ACTION ITEM
Your job is to set down the stretch of entries that opens with the line containing "현대건설은 대형 원전사업을" and closes with the line containing "会后,叶时平向张元亭、赵铌教". Keep both end lines, copy each exactly, and add nothing.
[[ MATERIAL TO PROCESS, beginning ]]
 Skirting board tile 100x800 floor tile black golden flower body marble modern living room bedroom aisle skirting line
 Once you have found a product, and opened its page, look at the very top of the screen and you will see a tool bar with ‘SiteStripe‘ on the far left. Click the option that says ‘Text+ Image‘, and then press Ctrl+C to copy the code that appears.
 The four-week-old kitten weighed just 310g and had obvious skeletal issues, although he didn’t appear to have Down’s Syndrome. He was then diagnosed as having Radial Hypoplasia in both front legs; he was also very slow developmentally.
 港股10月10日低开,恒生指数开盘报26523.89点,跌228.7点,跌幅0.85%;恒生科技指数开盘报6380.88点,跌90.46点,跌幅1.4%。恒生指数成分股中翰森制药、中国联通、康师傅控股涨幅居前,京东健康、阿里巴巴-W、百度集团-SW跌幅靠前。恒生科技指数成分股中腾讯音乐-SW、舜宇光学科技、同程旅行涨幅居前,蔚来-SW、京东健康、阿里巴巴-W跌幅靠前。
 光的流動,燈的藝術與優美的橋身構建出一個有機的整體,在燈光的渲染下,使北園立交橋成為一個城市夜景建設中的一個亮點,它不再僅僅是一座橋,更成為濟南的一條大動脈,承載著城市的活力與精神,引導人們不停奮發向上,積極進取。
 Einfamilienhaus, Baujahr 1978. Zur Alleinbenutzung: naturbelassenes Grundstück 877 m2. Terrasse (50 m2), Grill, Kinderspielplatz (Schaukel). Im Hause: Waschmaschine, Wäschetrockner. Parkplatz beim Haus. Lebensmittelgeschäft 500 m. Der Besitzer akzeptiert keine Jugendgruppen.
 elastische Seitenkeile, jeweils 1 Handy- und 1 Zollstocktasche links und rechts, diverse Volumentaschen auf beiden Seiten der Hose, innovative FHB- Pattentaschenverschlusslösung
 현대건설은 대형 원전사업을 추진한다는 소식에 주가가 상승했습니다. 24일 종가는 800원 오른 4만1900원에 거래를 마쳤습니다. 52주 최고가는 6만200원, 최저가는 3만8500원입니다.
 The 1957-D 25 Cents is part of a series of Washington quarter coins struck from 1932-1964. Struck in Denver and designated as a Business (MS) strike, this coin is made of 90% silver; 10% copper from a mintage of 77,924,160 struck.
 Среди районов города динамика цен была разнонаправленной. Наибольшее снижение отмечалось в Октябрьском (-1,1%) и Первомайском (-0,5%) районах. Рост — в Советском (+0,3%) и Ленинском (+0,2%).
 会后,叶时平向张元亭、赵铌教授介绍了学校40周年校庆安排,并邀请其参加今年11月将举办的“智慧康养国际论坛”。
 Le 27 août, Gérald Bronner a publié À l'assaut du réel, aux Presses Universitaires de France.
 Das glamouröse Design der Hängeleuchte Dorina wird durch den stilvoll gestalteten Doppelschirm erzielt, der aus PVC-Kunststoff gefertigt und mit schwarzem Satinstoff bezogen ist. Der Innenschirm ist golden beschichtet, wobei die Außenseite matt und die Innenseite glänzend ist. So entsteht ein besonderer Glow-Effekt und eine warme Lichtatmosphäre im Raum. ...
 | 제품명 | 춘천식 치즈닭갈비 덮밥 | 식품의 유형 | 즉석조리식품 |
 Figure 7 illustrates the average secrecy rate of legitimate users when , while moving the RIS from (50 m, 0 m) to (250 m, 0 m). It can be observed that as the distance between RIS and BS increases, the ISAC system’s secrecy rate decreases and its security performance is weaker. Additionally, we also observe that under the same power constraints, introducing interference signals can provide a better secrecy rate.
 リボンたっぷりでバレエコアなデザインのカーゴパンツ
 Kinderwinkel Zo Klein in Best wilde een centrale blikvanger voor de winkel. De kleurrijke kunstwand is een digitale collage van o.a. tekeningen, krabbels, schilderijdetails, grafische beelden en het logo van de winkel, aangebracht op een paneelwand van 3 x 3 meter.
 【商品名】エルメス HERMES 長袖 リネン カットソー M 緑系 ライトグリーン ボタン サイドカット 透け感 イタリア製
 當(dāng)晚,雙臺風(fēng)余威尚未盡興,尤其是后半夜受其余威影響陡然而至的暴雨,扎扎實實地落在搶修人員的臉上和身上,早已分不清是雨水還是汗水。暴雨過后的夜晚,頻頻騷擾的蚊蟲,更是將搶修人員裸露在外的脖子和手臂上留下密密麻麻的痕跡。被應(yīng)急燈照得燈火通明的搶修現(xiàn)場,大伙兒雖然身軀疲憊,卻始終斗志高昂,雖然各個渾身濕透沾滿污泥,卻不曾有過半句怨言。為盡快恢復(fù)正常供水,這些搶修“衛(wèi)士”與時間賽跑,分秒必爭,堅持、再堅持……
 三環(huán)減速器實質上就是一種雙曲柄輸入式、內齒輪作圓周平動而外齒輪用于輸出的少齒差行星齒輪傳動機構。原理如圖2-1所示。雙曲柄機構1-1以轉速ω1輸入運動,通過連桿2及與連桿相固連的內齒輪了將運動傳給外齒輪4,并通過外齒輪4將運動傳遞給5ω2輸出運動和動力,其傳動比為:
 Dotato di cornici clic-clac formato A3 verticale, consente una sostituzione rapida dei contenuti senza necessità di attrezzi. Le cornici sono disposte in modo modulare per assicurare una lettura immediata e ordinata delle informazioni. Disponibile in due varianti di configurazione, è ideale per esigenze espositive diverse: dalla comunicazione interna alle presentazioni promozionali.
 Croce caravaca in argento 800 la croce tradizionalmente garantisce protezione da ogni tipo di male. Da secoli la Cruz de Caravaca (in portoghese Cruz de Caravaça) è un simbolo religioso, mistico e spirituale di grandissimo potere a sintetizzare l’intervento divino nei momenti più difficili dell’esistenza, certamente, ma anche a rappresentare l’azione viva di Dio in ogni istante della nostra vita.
[[ MATERIAL TO PROCESS, end ]]
ANSWER TO THE PROBLEM
 현대건설은 대형 원전사업을 추진한다는 소식에 주가가 상승했습니다. 24일 종가는 800원 오른 4만1900원에 거래를 마쳤습니다. 52주 최고가는 6만200원, 최저가는 3만8500원입니다.
 The 1957-D 25 Cents is part of a series of Washington quarter coins struck from 1932-1964. Struck in Denver and designated as a Business (MS) strike, this coin is made of 90% silver; 10% copper from a mintage of 77,924,160 struck.
 Среди районов города динамика цен была разнонаправленной. Наибольшее снижение отмечалось в Октябрьском (-1,1%) и Первомайском (-0,5%) районах. Рост — в Советском (+0,3%) и Ленинском (+0,2%).
 会后,叶时平向张元亭、赵铌教授介绍了学校40周年校庆安排,并邀请其参加今年11月将举办的“智慧康养国际论坛”。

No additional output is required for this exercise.